William Klein
[Photographer, b. 1928, New York, lives in Paris.]
Sometimes, I’d take shots without aiming, just to see what happened. I’d rush into crowds—bang! bang! ... It must be close to what a fighter feels after jabbing and circling and getting hit, when suddenly there’s an opening, and bang! Right on the button. It’s a fantastic feeling.
James Nachtwey
[Photographer, b. 1948, Syracuse, New York, lives in New York.]
When I approach people, I do it with respect, with deference; I do it slowly and gently and I think about the way I move, the way I speak and the way I use the camera. I let them know that I respect them and what they’re going through.
Princess Anne Mountbatten-Windsor
[British royalty, b. 1950, London, lives in London.]
You are a pest by the very nature of that camera in your hand.
(To a photographer)
Martin Parr
[Photographer, b. 1952, Epson, Surrey, England, lives in Bristol and London, England.]

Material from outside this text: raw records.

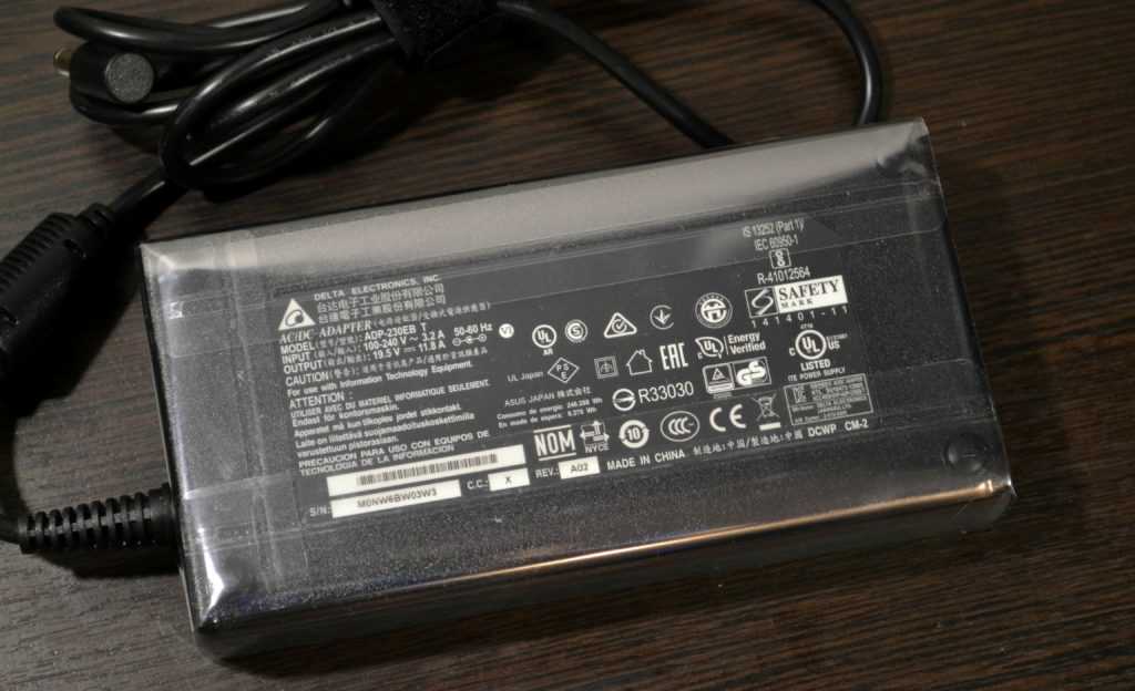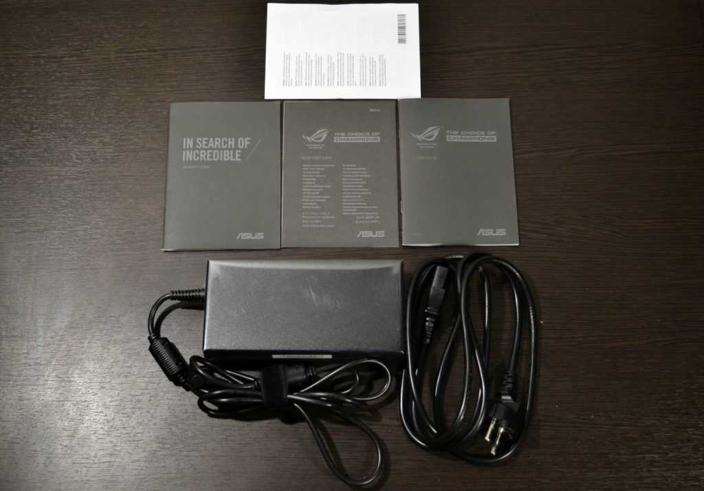 Разъём для зарядки располагается сзади, блок питания плоский и не очень крупный. Литий-ионная батарея ёмкостью 90 Вт·ч несъёмная. Время работы ноутбука вполне стандартное для игрового сегмента и регулируется несколькими профилями, но с оглядкой на мощные Ryzen 9 и RTX 3070. В профиле экономии энергии ROG Strix G713QR проживёт около 10 часов и за час восстановит заряд.
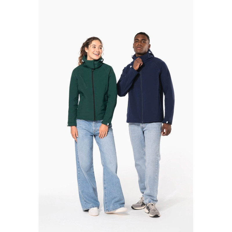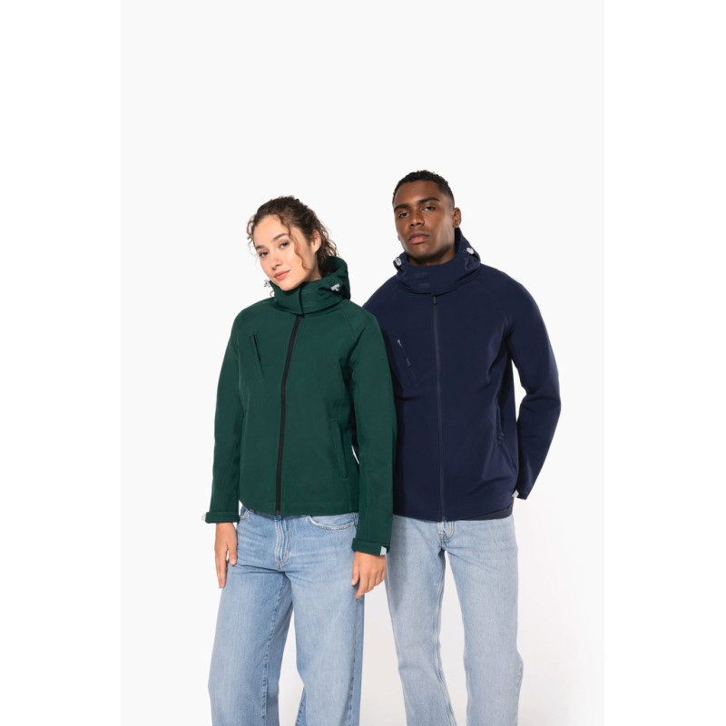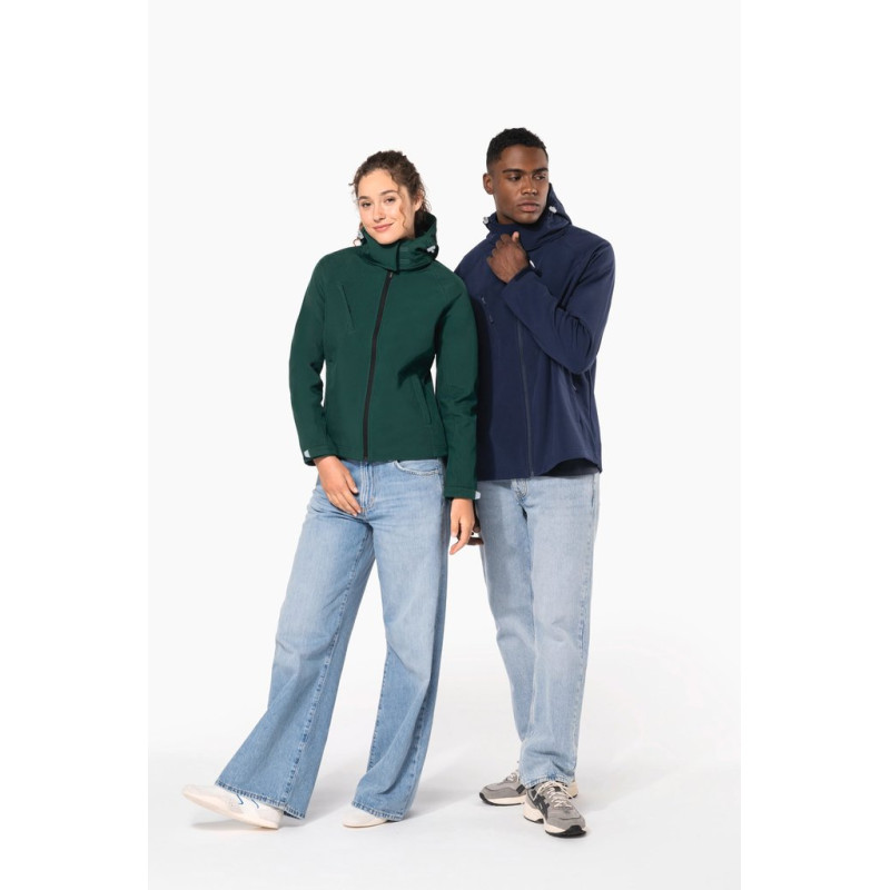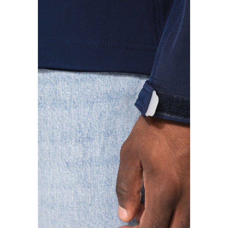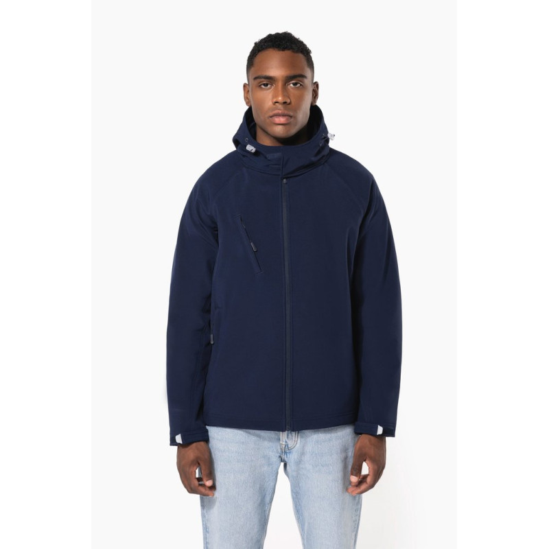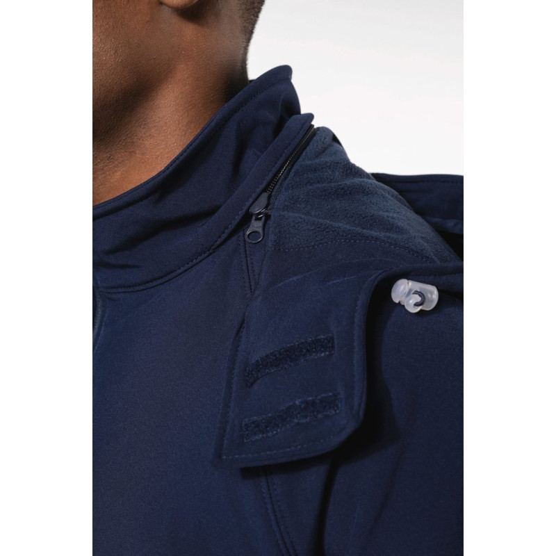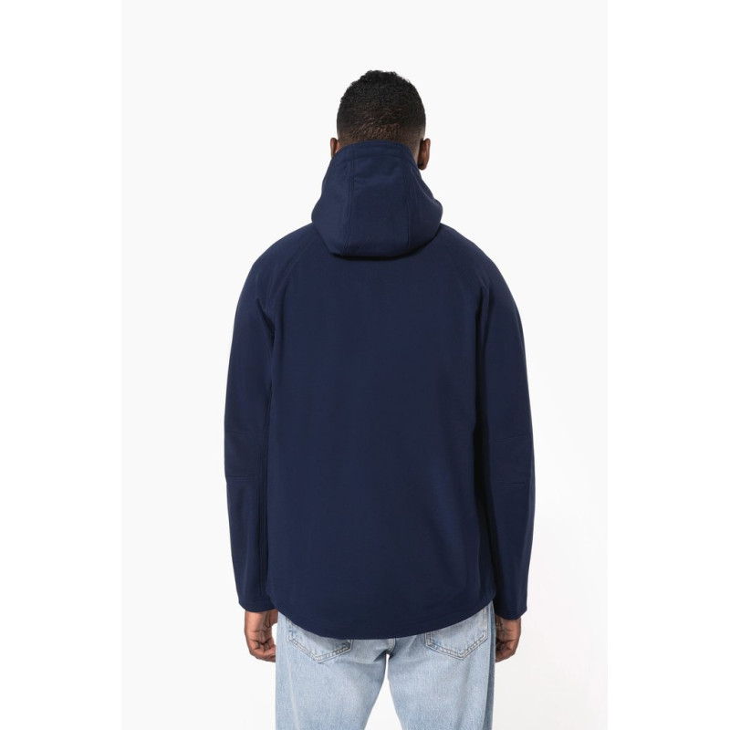95% polyester/5% elastane. Triple-layer bonded fabric. 1000 gsm/24h breathable and 5000 mm water-resistant. Performance membrane mid layer. Anti pill micro fleece inner layer. Raglan sleeves. Zip through front. 2 front zipped pockets. 1 zipped chest pocket on right side. Detachable hood with drawcord and grip strip. Adjustable cuffs with grip strip. Invisible zip access at inner chest for decoration. Raglan sleeves.
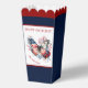Popcorn boxes with an American Flag butterfly, flowers, and fireworks in national colours. Elegant design with a patriotic theme on the dark blue background. Easily personalise the text or leave it blank. - Kate Eden Art

... I accept that all photography is voyeuristic and exploitative, and obviously I live with my own guilt and conscience. It’s part of the test and I don’t have a problem with it.
Donna Ferrato
[Photographer, b. 1949, Waltham, Massachusetts, lives in New York.]
Not for me the uninvolved wanderer with a camera—some invisible alien, coldly holding a tin box without a heart. My camera has feelings.
William Klein
[Photographer, b. 1928, New York, lives in Paris.]
I was very consciously trying to do the opposite of what Cartier-Bresson was doing. He did pictures without intervening. He was like the invisible camera. I wanted to be visible in the biggest way possible. (On his photography in the early 1950s)
Wright Morris
[Writer and photographer, b. 1910, Central City, Nebraska, d. 1998, Mill Valley, California.]
The vast number of photographers, feeding on anything visible, overgraze the landscape the way cattle overgraze their pasture.
Juergen Teller
[Photographer, b. 1964, Erlangen, Germany, lives in London.]
I don’t like taking a sly picture on the side. I like the direct approach. I want to be as honest to myself and the subject as possible. And I’m depending on their humanness to come through.